• _Problem statement_
Would you write out the lines below exactly, from the one containing "麥迪遜廣場花園生涯得分:喬丹31.8分居首 科比2詹姆斯3賈巴爾4" to the very last, but without the pictures?

• _Material provided_

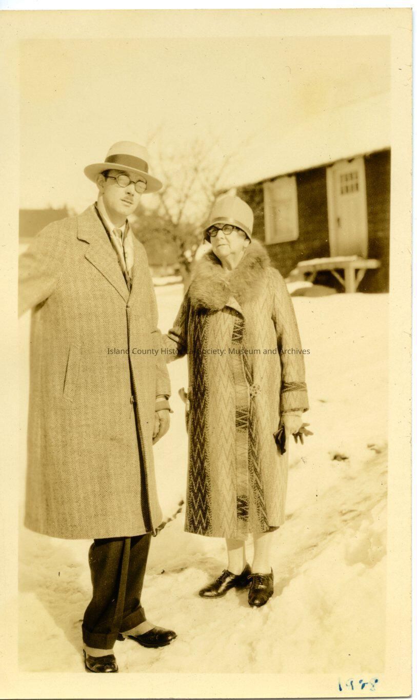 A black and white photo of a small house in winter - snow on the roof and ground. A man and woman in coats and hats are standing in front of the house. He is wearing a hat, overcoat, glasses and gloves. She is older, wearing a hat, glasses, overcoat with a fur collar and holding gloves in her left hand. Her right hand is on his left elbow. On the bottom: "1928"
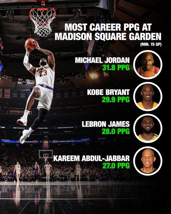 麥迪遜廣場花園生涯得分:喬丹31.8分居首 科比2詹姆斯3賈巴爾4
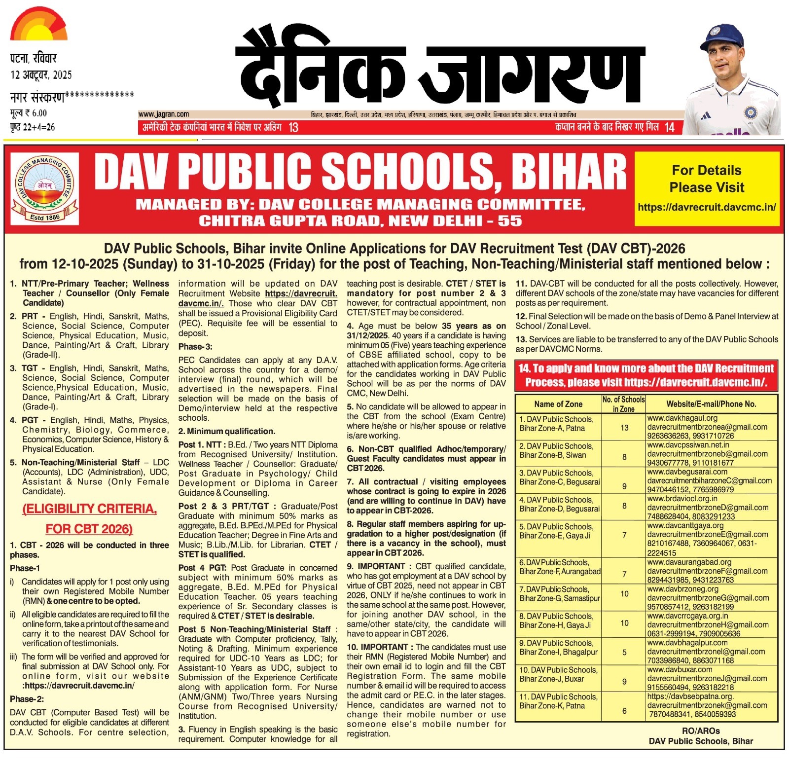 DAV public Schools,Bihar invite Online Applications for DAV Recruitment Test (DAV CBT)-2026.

• _Problem solution_
 麥迪遜廣場花園生涯得分:喬丹31.8分居首 科比2詹姆斯3賈巴爾4
 DAV public Schools,Bihar invite Online Applications for DAV Recruitment Test (DAV CBT)-2026.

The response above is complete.